We knew we wanted to experience what Millicent’s character was going through. We wanted to be able to go into her experience sonically. Conversely, we thought it would be cool to go into the creature’s experience sonically.
We started with the idea of cutting back and forth between her perspective and the creature’s perspective as the creature gets closer to her, the feedback gets more intense. That was an important scene to crack. Once we had something we felt good about, we sent it to John and felt it unlocked a lot of the sonic envelopes for the various characters in the movie. More specifically for Milli’s character, but also for the creature. Sound is so important for both of them.
Once you cracked that scene, did you work from a linear perspective, or did you find other moments?
Erik: There were two scenes we worked on. First, that and then the opening scene leading up to the bridge attack. Those helped us establish a logic we could follow through the film. We didn’t work in a linear way. We tackle the hardest scenes first.
At this point, the end of the movie was in flux. The key scenes we got first was the flooded basement, the birth scene, the waterfall scene, and those were the ones we worked on.
We also worked on the corn silo scene.
The things we worked on first through these scenes were Milli’s point of view. What wound up happening was we realized there’s something really powerful happening when we go into her point of view and John ended up calling it her sonic envelope. There was something really experiential and powerful about that. We realized there were a lot of places we could use that.
We used it with the creatures and their hyper-acute hearing, to mother and father listening to Neil Young together, to him putting the headphones on and you hear his point of view scanning shortwave radio. What we realized was when we went into those point of views, it really helps put the audience into the shoes of those characters. That was one of the most discoveries of the entire projects and why people notice the sound so much. It really made the audience an active participant in the experience by doing that.

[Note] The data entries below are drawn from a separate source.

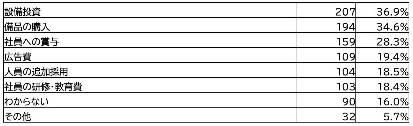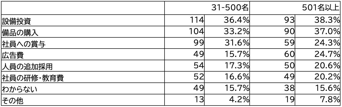 また従業員規模別で見ると、501名以上の企業では「広告費」、500名以下の企業では「社員への賞与」を採用する割合がもう片方と比べ高い傾向となった。
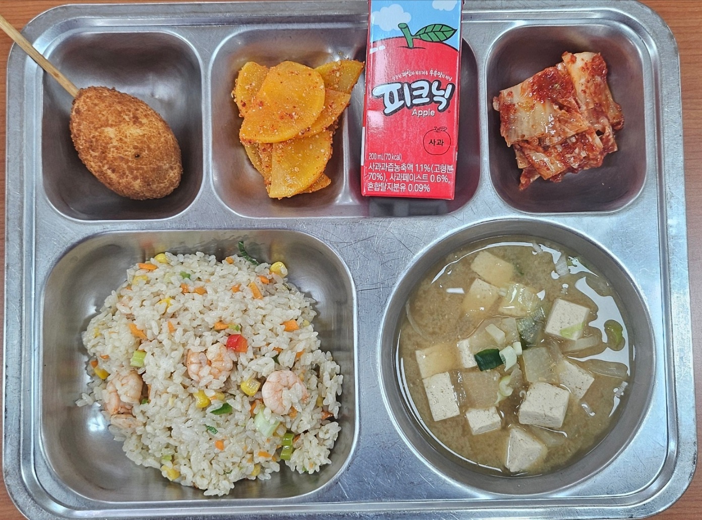 [조식] 새우볶음밥, 건새우다시마무국, 탱글뽀득핫도그/케찹, 단무지무침, 배추김치,피크닉
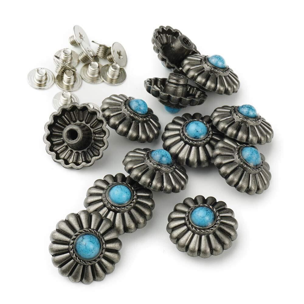 コンチョ ボタン ターコイズ 12個セット 小菊 ミニフラワー 17mm ネジ 付き レザー クラフト 財布 バッグ (グレー)
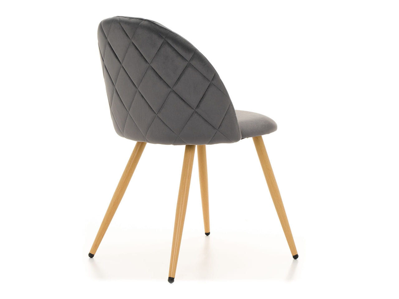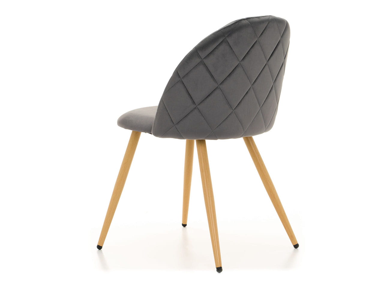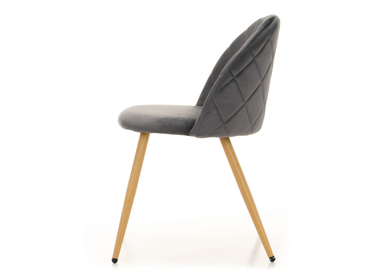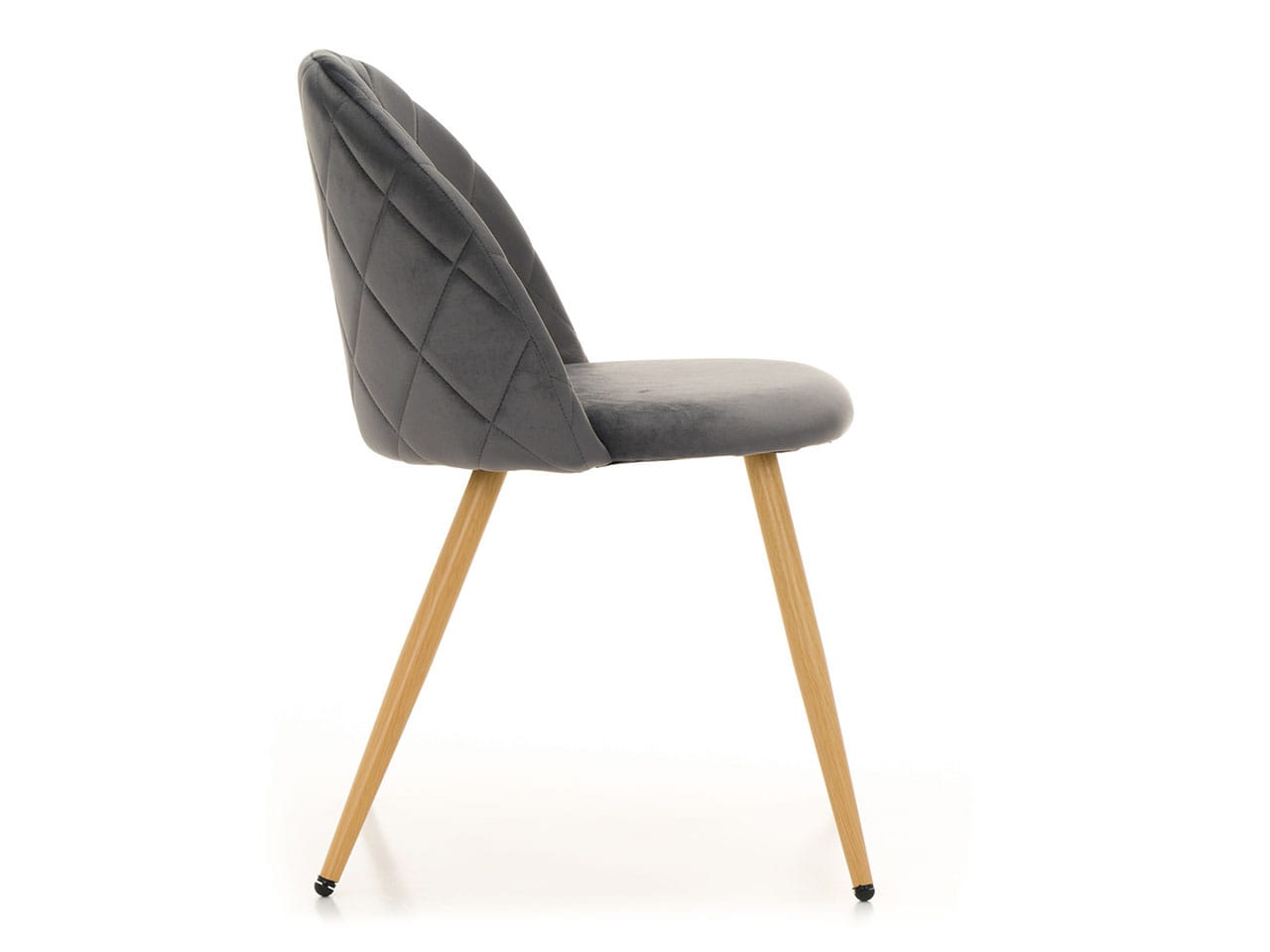 Prezentowane krzesło zostało pokryte wytrzymałą i przyjemną w dotyku, szarą tkaniną welurową, a nóżki zostały zakończone czarnymi końcówkami chroniącymi podłoże przed zarysowaniami..
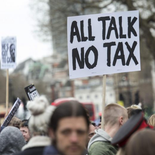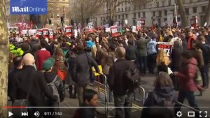 I media mostrano foto della folla di manifestanti a Whitehall, fuori dai cancelli che chiudono Downing Street, con cartelli e striscioni con gli slogan “He’s Got to Go” (Se ne deve andare), “Defy Tory Rule” (Sfida il potere conservatore). Alcuni manifestanti indossano maschere da maiale e ostentano cartelli con foto di Cameron con il naso ritoccato con quello di un suino e la scritta “Greedy Pig” (Ingordo). Un cordone di poliziotti è schierato davanti al cancello della strada con la residenza del premier. Fra i manifestanti notati dai media nella folla, anche la cantante pop Lily Allen.
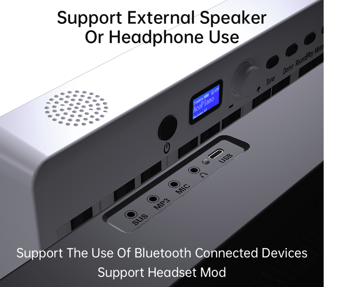 Built-in dual HiFi stereo speakers delivering rich, realistic piano sound
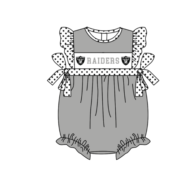 MOQ 5 pcs gray flying sleeves white polka dots bow baby girls team romper

That was some of the feedback we got, we were being told, ‘I couldn’t eat popcorn because the audience was so quiet.’ Upon leaving the cinema they’d experience the world in a new and fresh way and that was pretty gratifying to hear that as sound designers.
Would you say this was one of the bigger challenges of your career?
Ethan: Absolutely and in some unique way in terms of really being able to strip things down and figuring out how many different shades of quiet we could create. So many of our projects are big sounds and we’re trying to create articulation between those moments. Part of those moments are about stripping out sounds and what sounds do we not play. if we play everything it becomes a wall of noise. That work was good training for this project and taking it to that extreme.